Эмма Густавовна поставила перед Шрагиным кофе.

– Что же вы не спрашиваете, где ваша Лили? – с противной интонацией спросила она.

– Я ошеломлен знакомством с живым немецким генералом, – улыбнулся Шрагин.

– Вы предпочли бы знакомиться со мной – мертвым? – громыхнул генерал своим басовитым смехом.

– Лили валяется в постели, – сказала Эмма Густавовна. – У нее страшная мигрень. Позовите ее, может быть, все–таки она выпьет кофе?

Шрагин встал и, извинившись перед генералом, прошел в комнату Лили. Она ничком лежала на диване.

– Лиля, что с вами? – тихо спросил Шрагин.
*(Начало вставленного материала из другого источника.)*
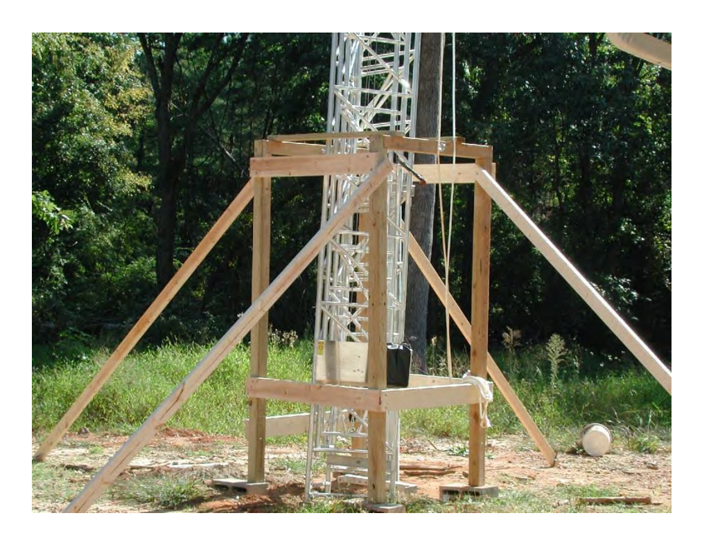
I know I won't get any style points but it worked.

Она вскочила, села и удивленно уставилась на Шрагина.

– Ах, это вы, – с облегчением сказала она. – Страшный сон видела, б–р–р! Он все еще там?

– Мама хочет, чтобы вы показались, – сказал Шрагин.

– Он вызывает у меня тошноту. Я не пойду. Скажите, мигрень, и она не хочет портить всем настроение.

– Мигрень так мигрень, – сказал Шрагин и ушел в гостиную.

– Какая прелесть, какая прелесть! – гудел генерал. – Послушайте, И–гор, я только сейчас узнал, что ваша жена пианистка. Это же прелесть! Она просто обязана угостить нас Бетховеном.

– У нее, господин генерал, страшная головная боль, и с этим нельзя не считаться, – мягко сказал Шрагин.

– Немецкий генерал не должен ни с чем считаться, – заявил Штромм почти серьезно.

– Но вы же еще и человек и к тому же родственник, – улыбнулся Шрагин.

– Поймал, черт побери! Капитулирую перед мигренью. Хо–хо–хо! Садитесь, И–гор, и примите сердечный привет от Вильгельма фон Аммельштейна, вашего… гм… кто же он вам приходится? – но соображу, хо–хо–хо, но в общем это достойнейший и… – генерал поднял палец, – богатейший человек. Я ему звонил по телефону, рассказал о моем визите в ваш дом. Он так разволновался, что стал заикаться. Говорит, что сегодня у него первая за многие годы настоящая радость – он узнал, что не один на Земле. Надеюсь, вы понимаете, чем это пахнет?

– Не совсем… – ответил Шрагин.

– Боже, что с вами сделали коммунисты? Он не понимает, что для него означает, если богатейший фон Аммельштейн признает в нем родственника!

– Расскажите нам, что нового, – вмешалась Эмма Густавовна.

– Нового? – Генерал поднял брови. – Ни–че–го. Меня лично интересует только одна новость – падение Москвы. И это случится, можете быть уверены. – Он обратился к Шрагину: – Мне сказали, что вы работаете на верфи. Как там у вас дела?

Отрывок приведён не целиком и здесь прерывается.